Gabriel gime en un gruñido y dice algo que me sonroja.
—Quiero correrme en tu culo —dice mientras yo me muevo sobre él.
—Correrte en mi…
—Sí. —Empieza a penetrarme tan rápida e intensamente desde abajo que asiento.
—Sí —le digo.
Sus manos en mi cintura me empujan a él y me alejan; sus dedos se clavan en mi carne y se mueve, desde debajo de mí, clavándose hasta lo más hondo de mi cuerpo, llevándome de viaje al techo. Le toco el pecho, subo por su cuello y paso las yemas de mis dedos por sus labios.
—Ya… —Cierra los ojos como si estuviera controlándose para no irse y verme moviéndome así no le ayudase—. Estoy a punto…
Me quito de encima de él y Gabriel se mueve en la cama hasta darme la vuelta y quedar detrás de mí. Me levanta el trasero, yo meto la mano entre las piernas para tocarme, pero él la aparta y, colándose entre mis nalgas, se corre sin llegar a penetrarme, con un gruñido de placer.
Oh, Dios, ahora estoy aún más caliente que antes.
—Como no hagas que me corra me voy a morir… —me quejo.
Voy a levantarme para limpiarme su semen, pero Gabriel me mantiene en la misma postura, firme. Su erección no ha bajado y la pasea por mi sexo. Desespero, gimo, jadeo, grito… pero nada.
—Tócame…, fóllame, por favor —suplico con la cara en la almohada.
Gabriel me penetra un par de veces y sale de mí.
—Es que no estoy seguro de que quieras terminar ya —dice en un tono de burla sádico.
—Joder…, claro que quiero.
—Y cómo quieres que lo haga.
—Fóllame. Móntame. Hazme el amor. Lo que quieras, pero hazlo.
—¿Lo que quiera?
—Sí… —jadeo.
—¿Y si quiero metértela por el culo?
—¡Hazlo, joder, hazlo! ¡Métela por donde quieras!

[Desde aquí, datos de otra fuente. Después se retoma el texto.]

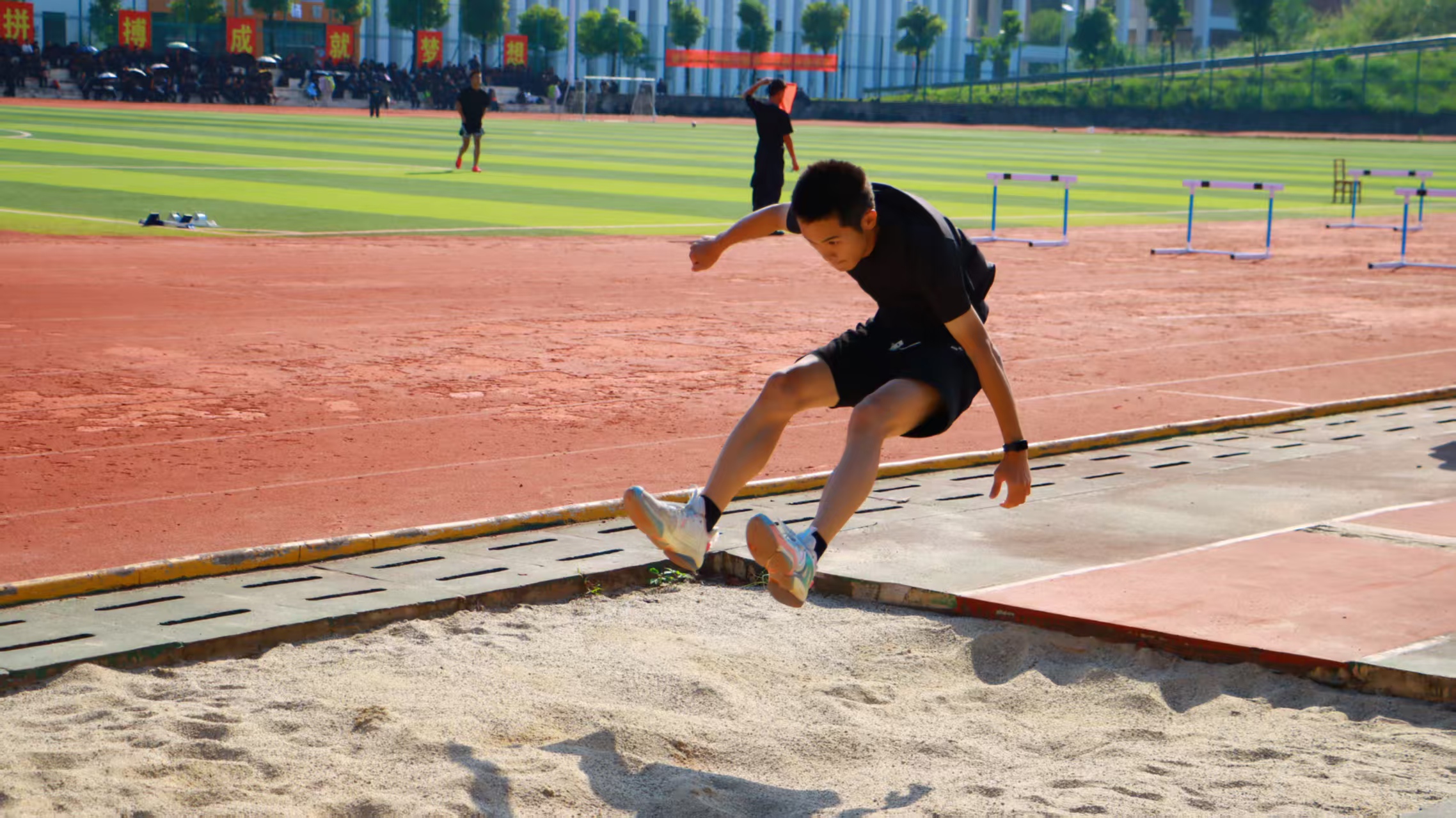 赛场上,运动员们火力全开、奋勇争先。短跑的疾如闪电、长跑的耐力角逐、跳远的腾空一跃、跳高的向上突破、铅球的奋力投掷,每一项比拼都彰显着他们挑战自我、超越极限的执着。

—Te lo dije… terminarías pidiéndomelo. —Y cuando me quiero dar cuenta está dentro de mí otra vez, pero entre mis labios vaginales, abriéndome, llenándome como siempre. Me gira en la cama, me abre las piernas y se tumba encima. Me penetra otra vez antes de decir—: Jamás haré nada que no te apetezca y te haga gritar. ¿Es que no ves que he nacido para complacerte?
Y sin poder hacer nada más, arqueo la espalda y me corro con sus labios sobre los míos. Y el orgasmo es devastador, largo e intenso, como un latigazo.
Y entre el sudor, mi humedad y su semen, vamos dejando la cama perdida también de recuerdos. Estas sábanas las meteré yo misma en la lavadora, si es que al intentar quitarlas no me plantan cara.